In three incidents, the first on September 25, 1997, in the office lobby of Pacific Lumber Company in Scotia, California, the second at a Pacific Lumber logging site in Bear Creek on October 3, 1997, and a third incident at the Eureka district office of Congressman Frank Riggs on October 16, 1997, County sheriff's deputies stuck pepper spray drenched Q-tips into the protesters' eyes to try to coerce them to end the protest. Meeting resistance, a second dose of pepper spray, and then sprayed, some of them directly in the eyes with canisters held a few inches from the protestors faces.

The plaintiffs charged that the Sheriff used excessive force.

The first trial occurred in August 1998 in U.S. District Court in San Francisco, presided by Judge Vaughn Walker and ended in a deadlock. Judge Walker then threw the case out.
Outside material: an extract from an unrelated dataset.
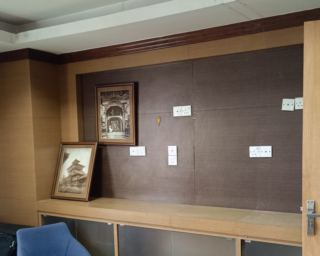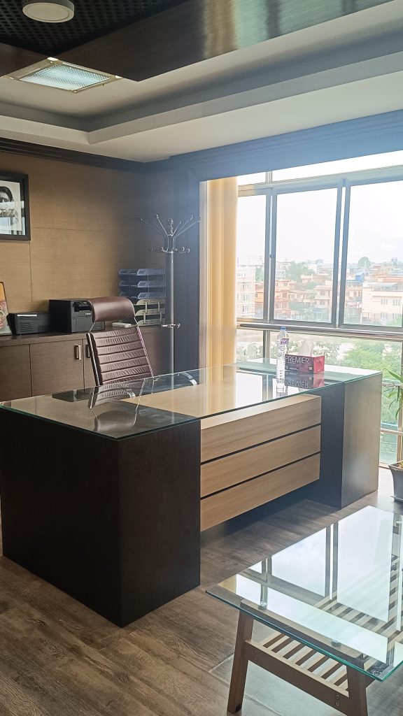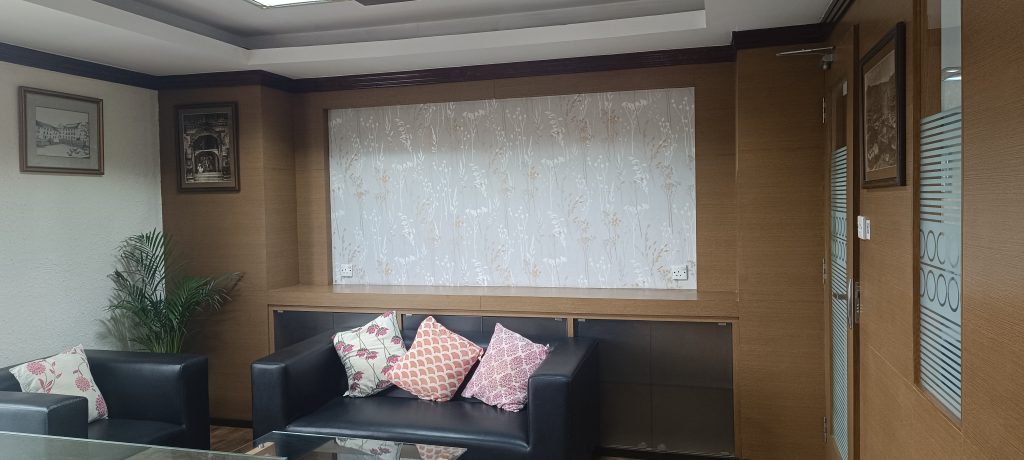In addition to the aesthetic changes, we consulted with Tiger Office to address the wear and tear on the existing elements. We recommended repairing the worn-out wall paints, furniture laminates, and blinds. Specifically, for the MD room, we introduced zebra blinds that offered flexibility in controlling light and provided various viewing options. The zebra blinds not only served a practical purpose but also added a touch of modern elegance to the room, capturing the client’s admiration.
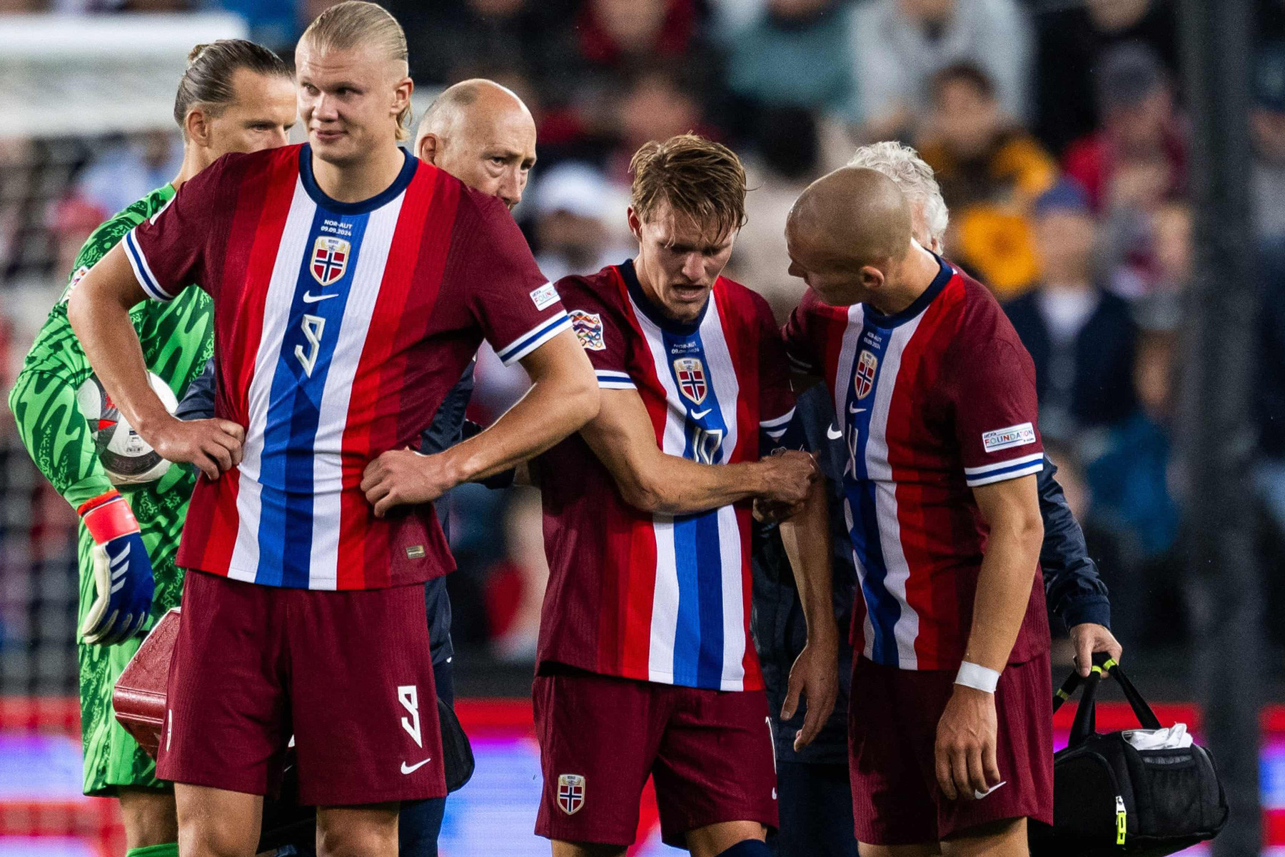 Ola Sand, bác sĩ của đội tuyển Na Uy, tiết lộ rằng kết quả chụp MRI cho thấy Odegaard không bị gãy xương, nhưng anh vẫn có khả năng phải ngồi ngoài cho đến hết tháng 9.

The plaintiffs appealed to the U.S. 9th Circuit Court of Appeals, based in San Francisco. Headwaters Forest Defense v. Humboldt County, 240 F.3d 1185, 1197 (9th Cir. 2001) ("Headwaters I"). On May 5, 2000, the court denying qualified immunity to Sheriff and Chief Deputy and overturning the summary judgment, thus giving an opportunity for a new trial. No. 98-17250, D.C. No. CV-97-03989-VRW The defendants appealed to the U. S. Supreme Court and the case was sent back to the 9th Circuit for reconsideration, which again ruled in favor of the plaintiffs. The defendants again appealed all the way to the Supreme Court, which was then denied.

The second trial (Headwaters II, 276 F.3d at 1131.) began Sept. 8, 2004, presided by U.S. District Judge Susan Illston, but resulted in a hung jury.

The third trial began April 11, 2005 resulting in a victory for the plaintiffs. The plaintiffs won a jury trial, but were awarded only $1 per person in damages.

==In popular culture==

A reference to this incident is made in a 1999 episode of The Simpsons titled "Homer to the Max". In where Homer Simpson (renamed "Max Power"), Marge Simpson, and Ed Begley Jr. chain themselves to redwood trees in the hope to save them from destruction.